Sviluppata su due piani, è inoltre equamente suddivisa tra l’esordio dei singoli artisti (fino al 1975 circa) e la controparte spettacolare, fluida e liquida che il movimento raggiunge dal ’75 ad oggi, dando atto di un dialogo e un incontro ancora in progressione.

 

Prescindendo dunque da etichette o categorie estetiche troppo vincolanti, viene qui riconosciuto a questi artisti la forza vitale e i propositi che ne animano le opere, lungi dal costituire un’istantanea morta nella storia.

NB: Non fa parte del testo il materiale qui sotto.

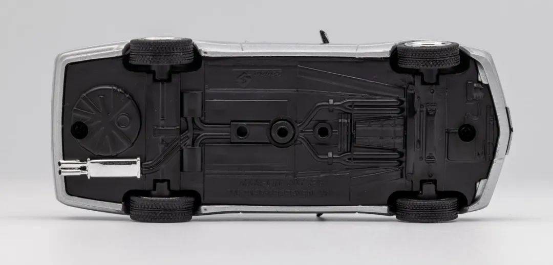 模型的懸掛控制得還算過得去,而輪轂為電鍍的大餅輪轂,輪轂的整體質感不錯;雖然鏤空面積很小,但貌似剎車碟和剎車鉗也有刻畫。

Piace dunque che il concetto venga ribadito in maniera sentita dal Presidente di Triennale Milano, Davide Rampello, durante la conferenza stampa, a marcare una volta in più un confronto vivo con l’arte e i suoi meccanismi.

 

Non diversamente, incanta ascoltare l’Amministratore Delegato di Mercedez-Benz Milano, Radek Jelinek, mentre ammette candidamente che proprio considerando la mancata associazione tra motori ed emozioni è splendido poter contribuire in qualche misura alla divulgazione d’arte e sentimento tramite la sponsorizzazione ad Arte Povera. A suggello il Mercedes-Benz Center di Milano (Via Gallarate, 450) ospita l’opera “Love Difference – Mar Mediterraneo 2003-2005” di Michelangelo Pistoletto, uno dei principali esponenti della corrente artistica.

 

Le occasioni, dunque non mancano, tutto sta alla disponibilità di astanti e spettatori nel guardare alla modernità con curiosità, desiderio e forse un pizzico di disincanto.


Arte Povera 1967 – 2011

  • Triennale di Milano
  • 25 ottobre 2011 – 29 gennaio 2012
  • Ingresso euro 8,00/6,50/5,50
  • martedì-domenica 10.30-20.30
  • giovedì e venerdì 10.30-23.00
  • info@triennale.org


AGGIORNAMENTO del 25 ottobre 2011 ore 18,30: Con l’apertura al pubblico della mostra Arte Povera 1967 – 2011, dal 25 ottobre 2011 e per tutto il 2012, è possibile visitare tutte le mostre della Triennale di Milano con un unico biglietto da 10 euro.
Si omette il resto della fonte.